Dataset excerpts:
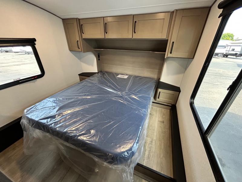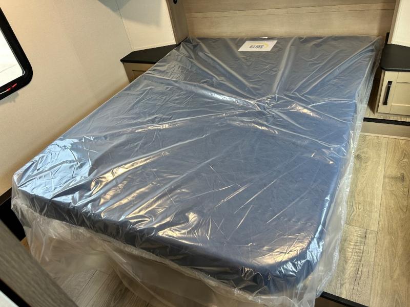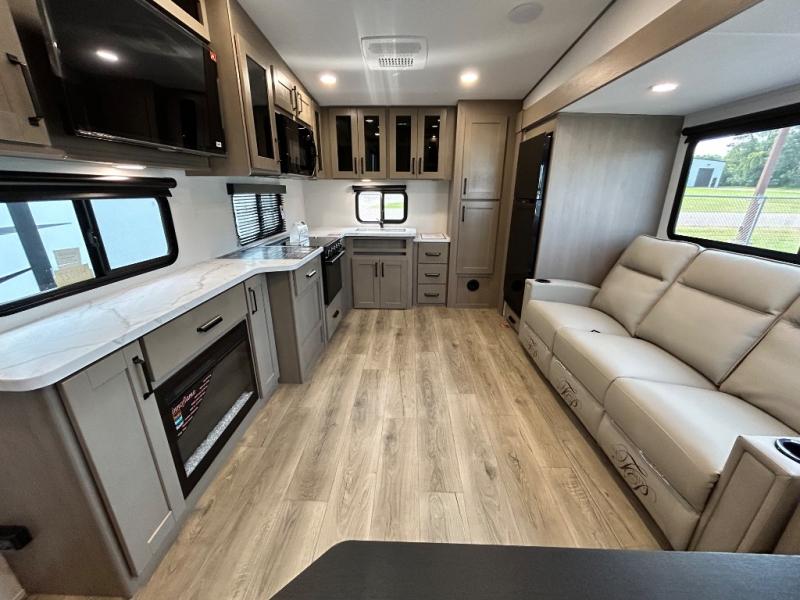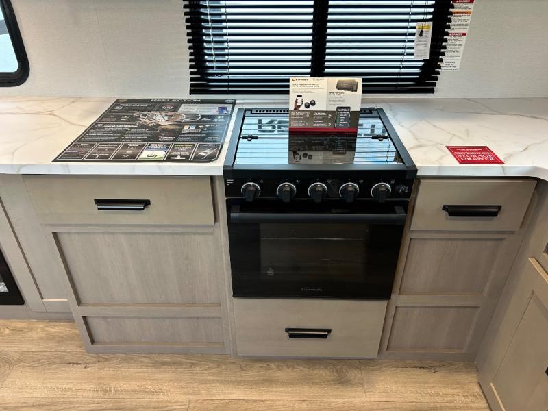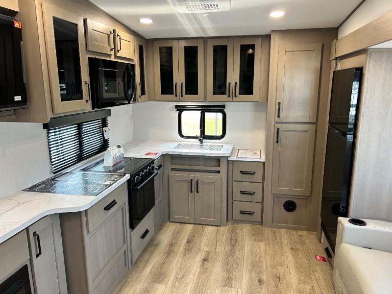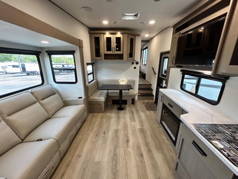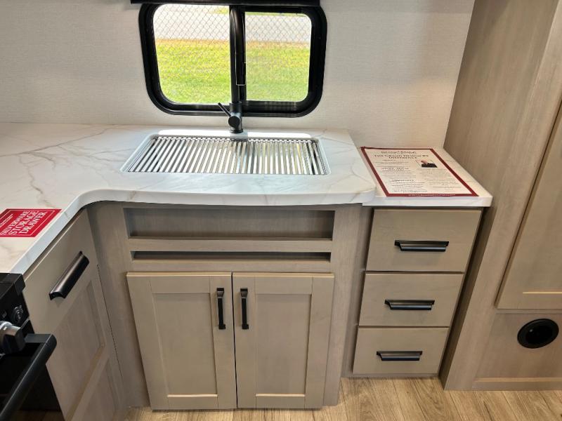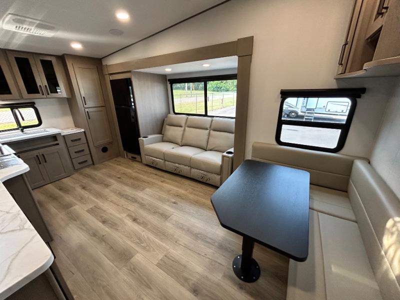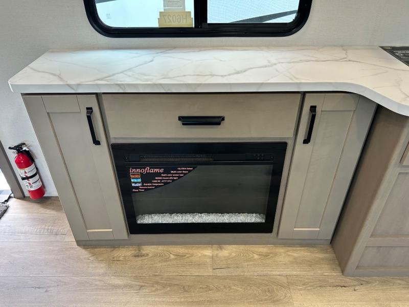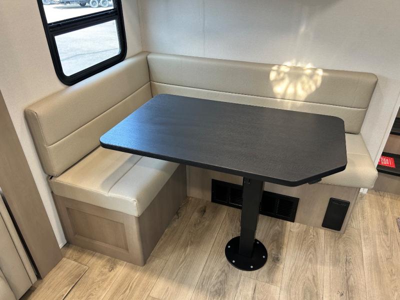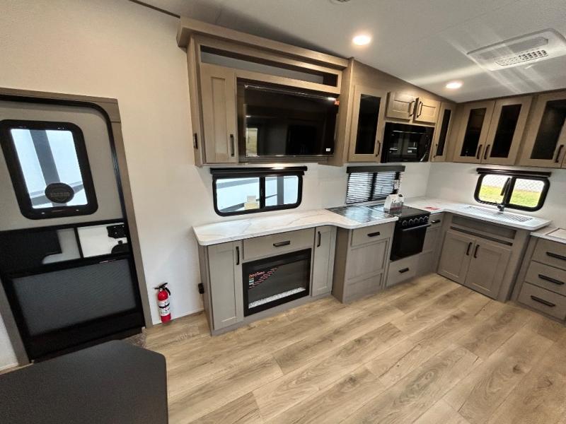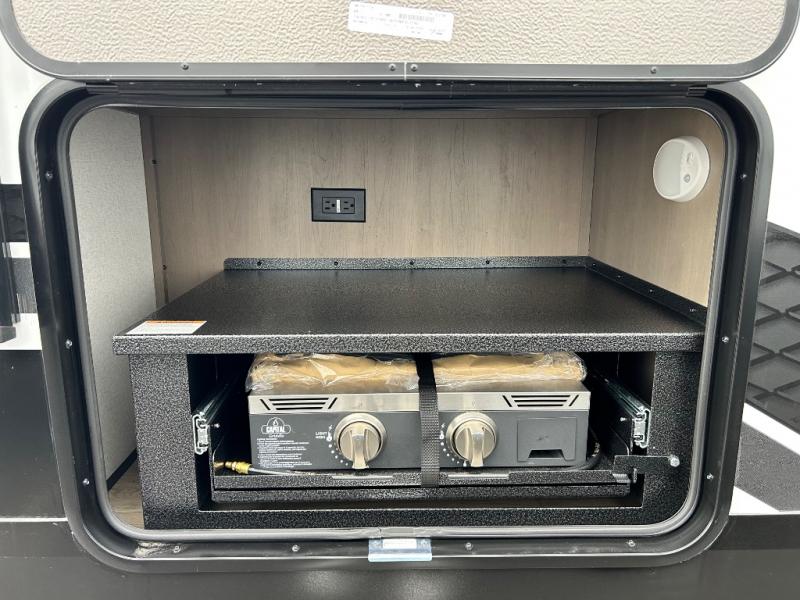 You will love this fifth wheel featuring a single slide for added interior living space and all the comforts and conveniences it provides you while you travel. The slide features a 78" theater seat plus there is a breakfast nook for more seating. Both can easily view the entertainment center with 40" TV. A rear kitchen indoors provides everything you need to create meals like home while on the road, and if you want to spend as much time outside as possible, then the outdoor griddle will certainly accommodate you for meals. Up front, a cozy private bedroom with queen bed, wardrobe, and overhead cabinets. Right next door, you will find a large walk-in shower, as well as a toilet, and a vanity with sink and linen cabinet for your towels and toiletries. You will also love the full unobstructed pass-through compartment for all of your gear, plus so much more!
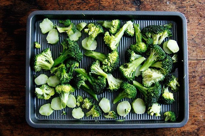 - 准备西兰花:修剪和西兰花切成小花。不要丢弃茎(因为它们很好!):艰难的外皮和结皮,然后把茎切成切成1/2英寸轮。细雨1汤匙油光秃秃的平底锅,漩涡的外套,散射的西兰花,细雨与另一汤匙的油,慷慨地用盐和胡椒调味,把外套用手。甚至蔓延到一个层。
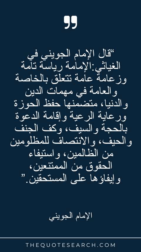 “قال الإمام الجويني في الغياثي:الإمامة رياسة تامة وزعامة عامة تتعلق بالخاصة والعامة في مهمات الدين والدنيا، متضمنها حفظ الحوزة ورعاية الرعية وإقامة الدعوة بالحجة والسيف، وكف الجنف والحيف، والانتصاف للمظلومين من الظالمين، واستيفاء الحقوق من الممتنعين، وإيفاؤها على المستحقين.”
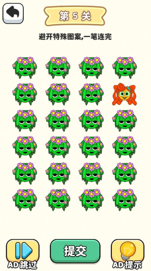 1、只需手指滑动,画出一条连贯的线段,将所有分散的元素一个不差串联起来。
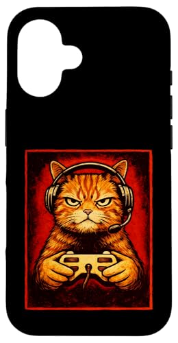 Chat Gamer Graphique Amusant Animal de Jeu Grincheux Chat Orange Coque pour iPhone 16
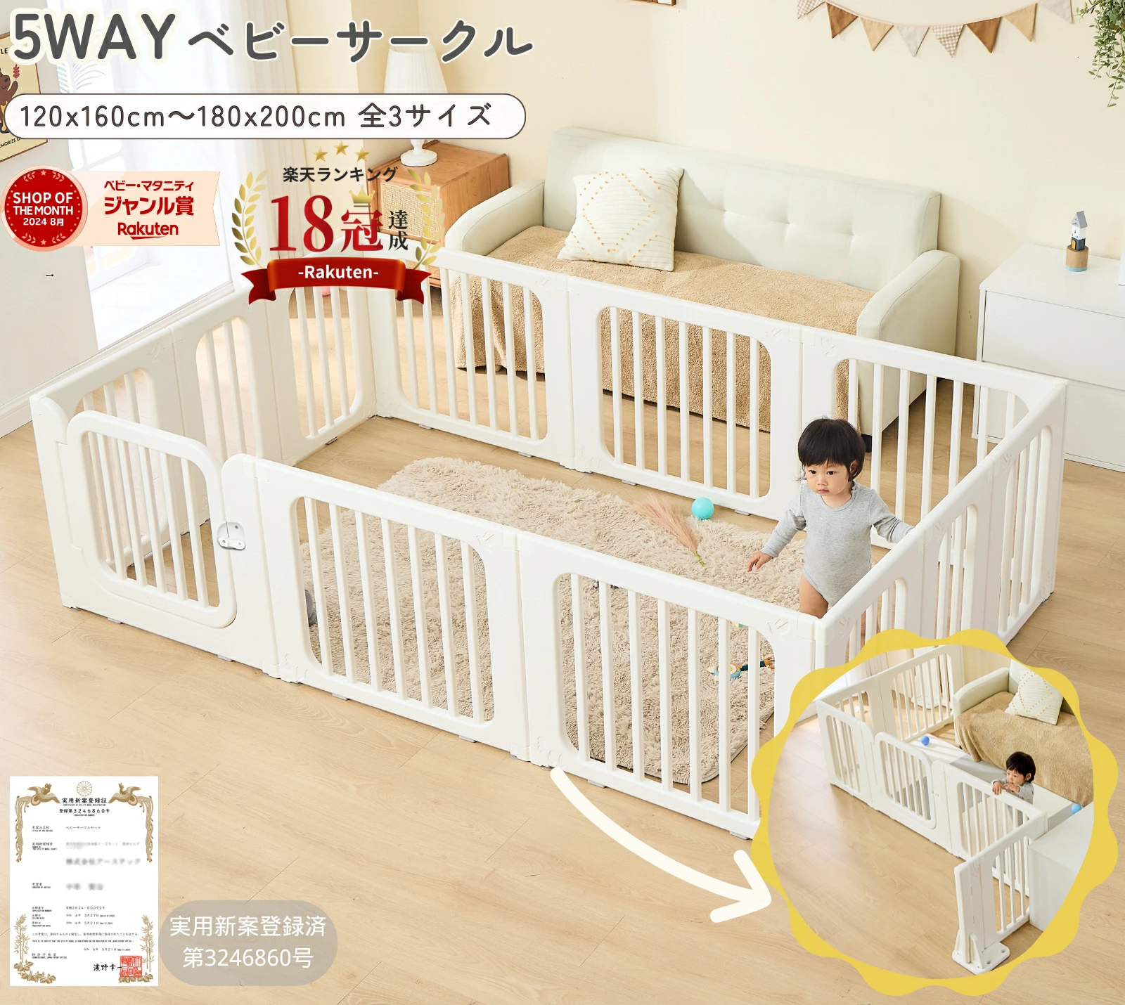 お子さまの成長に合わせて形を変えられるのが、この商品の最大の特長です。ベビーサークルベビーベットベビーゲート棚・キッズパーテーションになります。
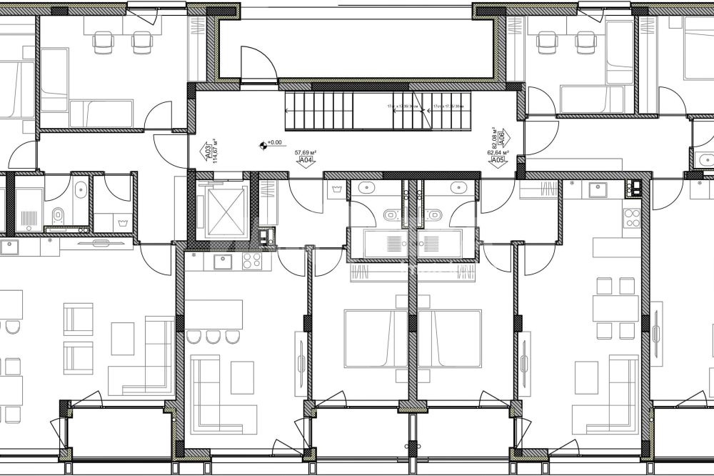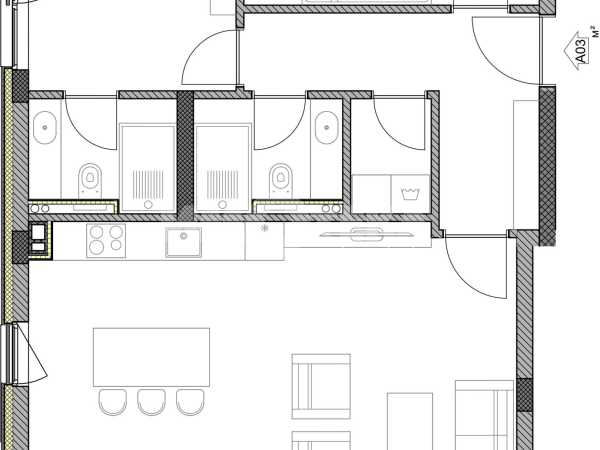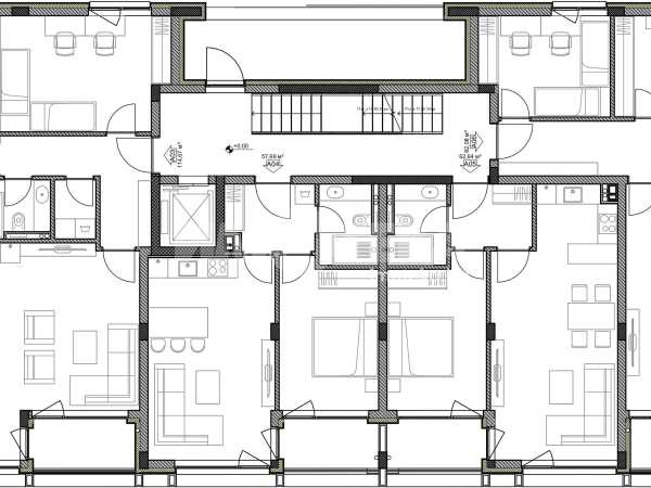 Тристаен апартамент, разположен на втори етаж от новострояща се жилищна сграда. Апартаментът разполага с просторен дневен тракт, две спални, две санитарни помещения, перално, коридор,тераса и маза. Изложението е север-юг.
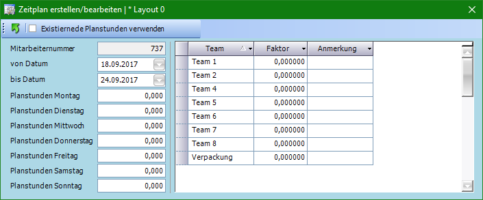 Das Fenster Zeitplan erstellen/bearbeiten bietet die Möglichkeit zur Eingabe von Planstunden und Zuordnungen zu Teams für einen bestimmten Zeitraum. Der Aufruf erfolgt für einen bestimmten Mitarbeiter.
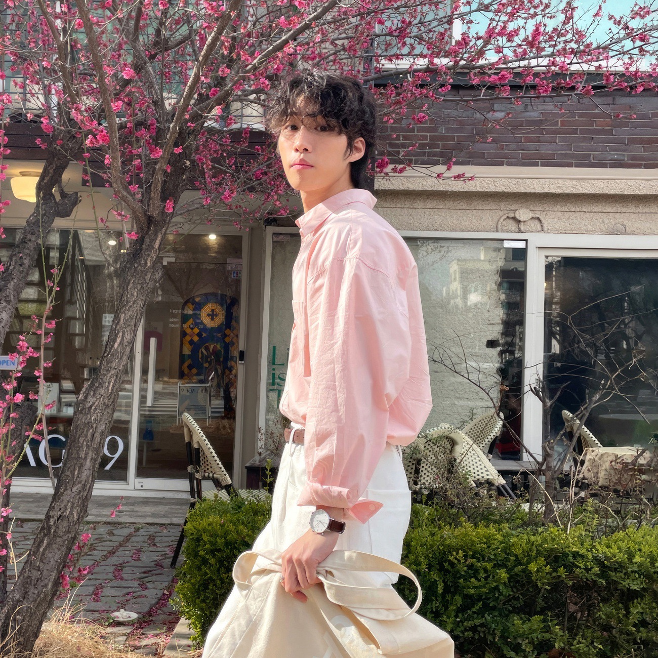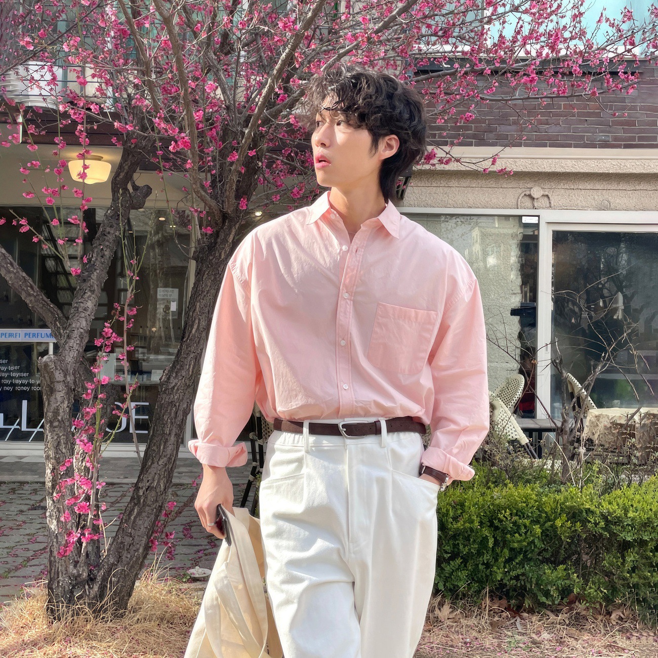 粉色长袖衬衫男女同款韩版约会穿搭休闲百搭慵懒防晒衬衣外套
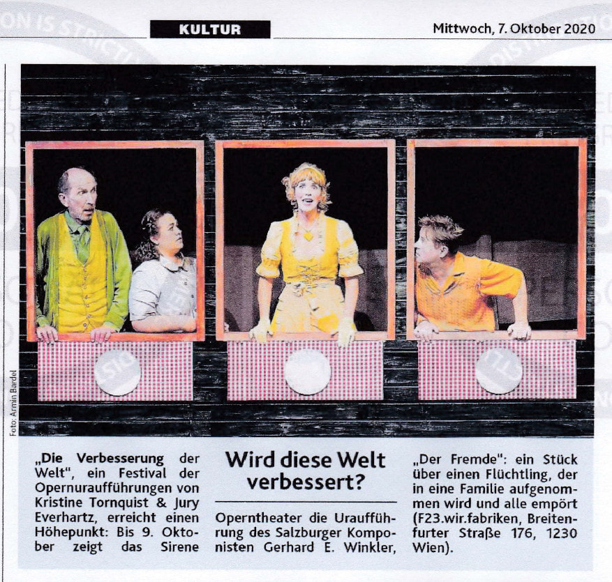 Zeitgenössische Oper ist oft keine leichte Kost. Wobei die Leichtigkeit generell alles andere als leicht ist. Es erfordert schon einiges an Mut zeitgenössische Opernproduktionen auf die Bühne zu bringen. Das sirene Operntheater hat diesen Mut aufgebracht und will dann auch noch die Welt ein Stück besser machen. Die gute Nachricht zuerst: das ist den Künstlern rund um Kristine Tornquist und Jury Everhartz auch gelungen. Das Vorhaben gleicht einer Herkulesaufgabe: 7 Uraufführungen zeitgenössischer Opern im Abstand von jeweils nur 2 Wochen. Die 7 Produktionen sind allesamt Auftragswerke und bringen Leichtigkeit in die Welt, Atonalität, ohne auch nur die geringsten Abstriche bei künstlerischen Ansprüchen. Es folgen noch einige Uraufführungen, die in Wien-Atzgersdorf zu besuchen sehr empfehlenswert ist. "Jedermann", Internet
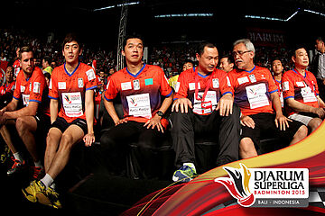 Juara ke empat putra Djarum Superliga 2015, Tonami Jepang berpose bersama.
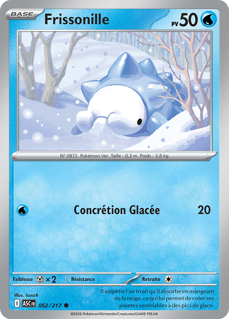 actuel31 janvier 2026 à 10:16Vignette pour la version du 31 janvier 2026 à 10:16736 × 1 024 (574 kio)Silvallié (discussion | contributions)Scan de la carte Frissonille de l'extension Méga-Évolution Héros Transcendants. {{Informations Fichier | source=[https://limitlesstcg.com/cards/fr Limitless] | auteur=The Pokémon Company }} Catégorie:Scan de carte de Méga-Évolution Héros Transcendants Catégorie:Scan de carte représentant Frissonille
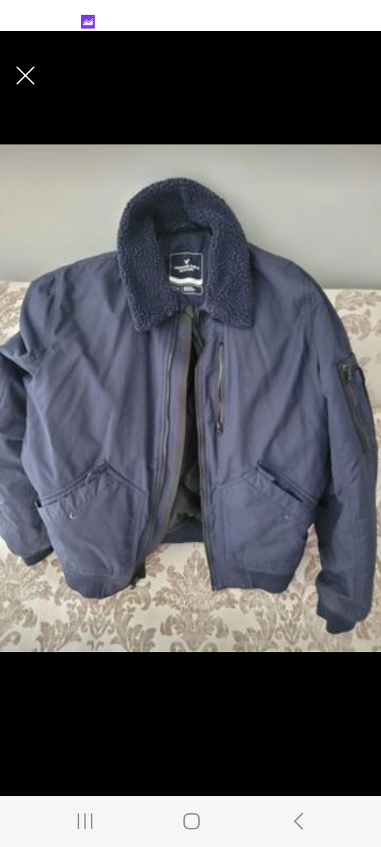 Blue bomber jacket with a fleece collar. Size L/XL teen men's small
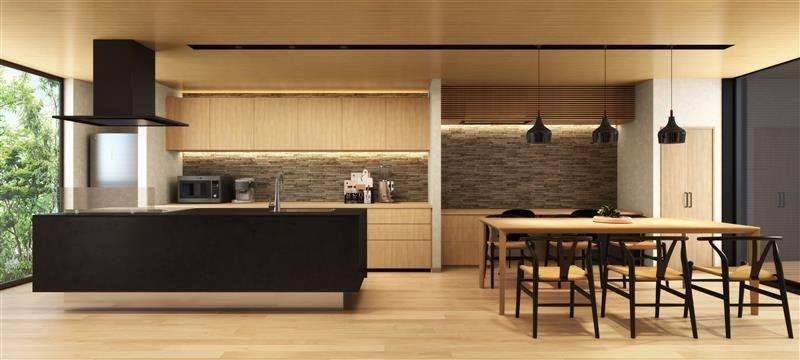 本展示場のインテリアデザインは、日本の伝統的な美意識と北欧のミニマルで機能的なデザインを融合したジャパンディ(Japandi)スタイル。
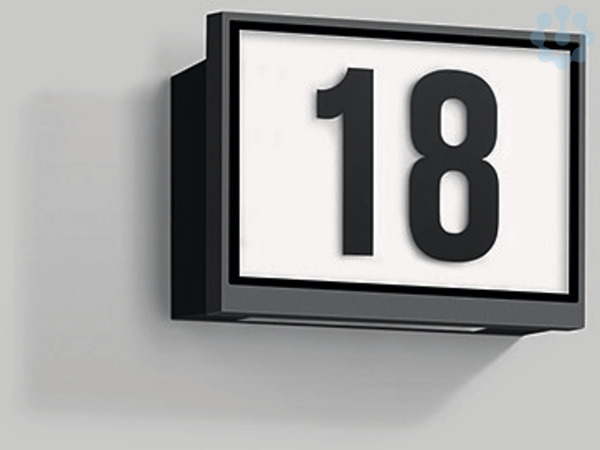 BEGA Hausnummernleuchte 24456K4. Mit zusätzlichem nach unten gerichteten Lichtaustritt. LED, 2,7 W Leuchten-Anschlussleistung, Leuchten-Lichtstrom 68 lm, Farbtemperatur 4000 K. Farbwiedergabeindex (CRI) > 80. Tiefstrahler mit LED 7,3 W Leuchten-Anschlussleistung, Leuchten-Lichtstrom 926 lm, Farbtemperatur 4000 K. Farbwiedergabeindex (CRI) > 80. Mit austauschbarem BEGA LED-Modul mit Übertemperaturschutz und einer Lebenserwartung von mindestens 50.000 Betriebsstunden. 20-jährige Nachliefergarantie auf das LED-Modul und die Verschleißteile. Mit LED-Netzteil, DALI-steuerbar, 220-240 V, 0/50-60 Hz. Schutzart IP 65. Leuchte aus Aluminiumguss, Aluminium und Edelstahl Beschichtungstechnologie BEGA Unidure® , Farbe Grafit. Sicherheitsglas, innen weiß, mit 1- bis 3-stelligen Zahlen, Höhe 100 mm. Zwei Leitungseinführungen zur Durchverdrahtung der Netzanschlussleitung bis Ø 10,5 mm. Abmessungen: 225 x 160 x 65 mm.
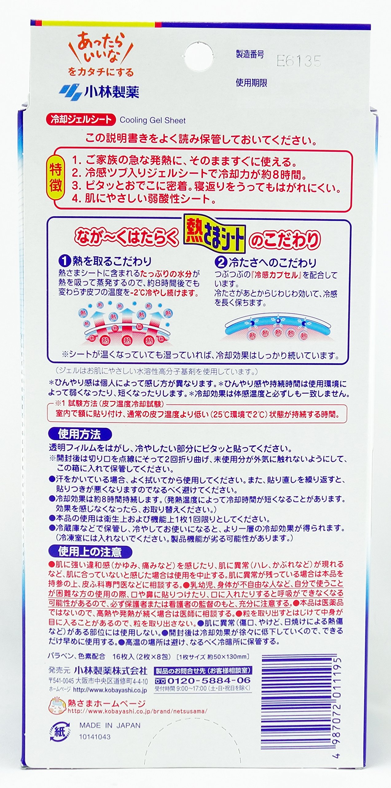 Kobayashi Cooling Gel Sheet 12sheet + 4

**Your objective**
Output exactly those lines of the data above that run from the line with "Blue bomber jacket" up to and including the line with "本展示場のインテリアデザイン". No pictures go in.

**Response to the task**
 Blue bomber jacket with a fleece collar. Size L/XL teen men's small
 本展示場のインテリアデザインは、日本の伝統的な美意識と北欧のミニマルで機能的なデザインを融合したジャパンディ(Japandi)スタイル。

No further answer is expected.